# Breeder recommendation : Maine



## TechieDog (Jan 13, 2011)

I'd appreciate it if anyone that knows anything about timberridge farms (timberridgefarm.net) in Maine would PM with whatever they know. Thanks in advance.

(continuation of this thread http://www.germanshepherds.com/forum/choosing-breeder/127297-breeder-recommendations.html that was locked)


----------



## JOSHUA SAMPSON (Feb 21, 2010)

If they deal with schutzhund dogs and they are a licensed inspected breeder (especially if they are USDA inspected), they are probbably 10-4 

update oh they look ok to me, feeding honest kitchen and boarding horses too! I think you're safe.


----------



## cliffson1 (Sep 2, 2006)

I was gonna post in the other thread but got their too late. Anyway, any of the breeders mentioned are producing some real nice dogs and you can get a good German Shepherd from. Know all of those lines well and they are exceelent. Right now, Angie of Liberatore GS is a person that a may well get a pup from in near future. That's because I know her standards for what she produces, but having said that I would have no problem with timberridge and certainly no problem with Sarah and her dogs.
I think we are making this too complicated again. They all produce basically the same dogs, the particular dog in the litter is far more important than analization of the breeders as many people do...JMO.


----------



## TechieDog (Jan 13, 2011)

I pretty much agree with you cliffson, at least as far as Ang's dogs and timber ridge. The lines are very similar. I was just wondering if anyone on here had first hand experience with Timber Ridge as I had not heard of them up til now. 

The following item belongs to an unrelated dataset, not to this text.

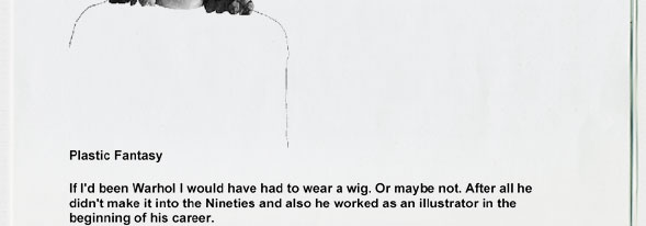 Leigh Bowery's merkens as snapped by Steve Pyke, Margarita Gluzberg's fine line drawings of empty hairdos, Simon

I also agree that the particular dog in the litter is far more important but I still care a lot about lineage. I'd love an Ozzy Barnero son or a Gerro Leryka son but I think I am more apt to get the right pup from the litter from Ang or TR.


----------



## Wolfiesmom (Apr 10, 2010)

I have never dealt with Timber Ridge myself, but I have met owners and their dogs that they got from Timber Ridge, when I am in Maine. They all rave over them.


----------



## TechieDog (Jan 13, 2011)

thanks


----------